| HN Mirror

Y	Hacker News new \| ask \| show \| jobs


	by rao-v 116 days ago
	Yeah I’ve often wondered why folks aren’t training two tier MoEs for VRAM + RAM. We already have designs for shared experts so it cannot be hard to implement a router that allocated 10x or 100x as often to “core” experts vs the “nice to have” experts. I suppose balancing during training is tricky but some sort of custom loss on the router layers should work. I’ve also wondered why the routers aren’t training to be serially consistent so you can predict layers to swap into VRAM a few layers ahead to maximize available bandwidth.

3 comments

reitzensteinm 116 days ago

I think part of the issue is that in production deployments, you're batching high enough that you'll be paging in those long tail experts constantly.

Unless you're handing that in some kind of fancy way, you'll be holding up the batch while waiting for host memory which will kill your throughout.

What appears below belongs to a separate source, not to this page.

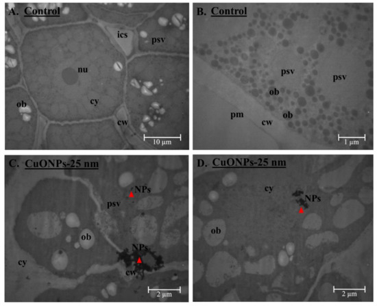 TEM analysis of ultrastructure of soybean seed embryo with CuONPs–25 nm treatment at 500 mg/kg soil (C,D) and compared with control seeds (no nanoparticles) (A,B). Electron-dense metal aggregates are clearly visible within the cell wall (cw)/plasma membrane (pm), including within the cytoplasm (cy) and/or protein storage vacuoles (psv) for the seeds with CuONPs–25 nm treatment at 500 mg/kg soil (C,D). nu = nucleus, ics = intracellular space, ob = oil bodies, NPs = nanoparticles (red triangle).

It makes much more sense for non batched local inference, especially if you can keep the MoE routing stable like you say, but most folks aren't optimising for that.

link

zozbot234 116 days ago

Ideally, you should rearrange batches so that inference steps that rely on the same experts get batched together, then inferences that would "hold up" a batch simply wait for that one "long tail" expert to be loaded, whereupon they can progress. This might require checkpointing partial inference steps more often, but that ought to be doable.

link

reitzensteinm 116 days ago

I think this is doable for very long tail experts that get swapped in for specialised topics - say, orbital mechanics.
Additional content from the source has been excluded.